I’ve heard BJJ described in many ways: grappling, submission wrestling and ground fighting. I think one of the most appropriate ways to describe BJJ, and I don’t know exactly who said this, is that it is Human Chess. I like that description because it speaks to both the technical and tactical aspects of BJJ.

I have come, in my own journey, to equate Brazilian Jiu-Jitsu with music. There are only so many individual notes you can play. But, when you place them in different combinations, the possibilities that can result are most definitely endless.

Every last roll, or match, is like its own song. The pace can be slow and methodical, maybe even boring, or fast and frenetic, maybe even insane. One can be vastly different from another; you could also get one that sounds exactly like the next. It can be relaxed, soothing or playful. It can also be hard, forceful and intense. It’s all left up to you: what kind of experience do you want to create?
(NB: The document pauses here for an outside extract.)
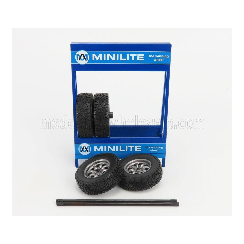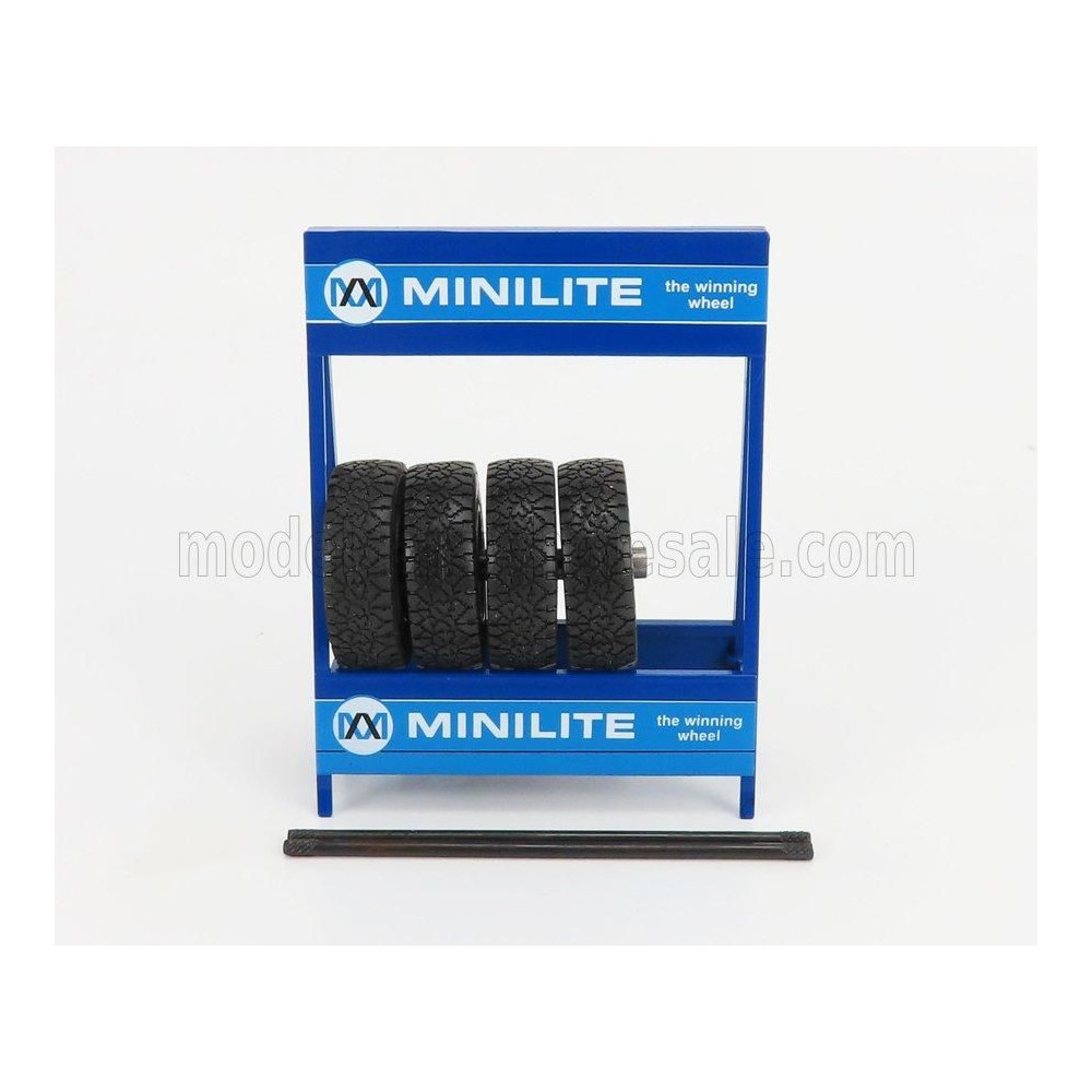 IXO MODELS TARTOZÉKOK CAVALLETTO SUPPORTO 4X PNEUMATICI MINILITE - FÉM ÁLLVÁNY 4X GUMIABRONCSOKKAL - KÉK FEKETE 1/18

I trained in 2 styles of Karate for 4 years. I have nothing but love for my teachers, but looking back I realize that I had never felt truly confident, either in what I was doing, or in myself. I was getting pretty slick at performing kata, but after 6 months of not training, I had pretty much forgotten all of it.

What I have found in Brazilian Jiu-Jitsu is, no disrespect meant towards Karate or any Traditional Martial Art (TMA), something that works. It’s that functionality which first drew me in – and this is the kind of realization that usually only comes with getting choked out. If, as John Keats said, truth is beauty…then beauty is Brazilian Jiu-Jitsu.

Maybe I still haven’t really found that confidence that I was missing when I trained Karate – I don’t think it’s for me to say. What I can say is that I’ve come a pretty long way in the two years since I started training.

I think I see myself in so many guys that walk into our gym. I see guys who may have trained in something else, usually a TMA or even some “MMA” gym. I can see that when they start their first class, they are in the same place I was. I hope that I can be a good enough example to them, that they can see for themselves what Jiu-Jitsu can offer.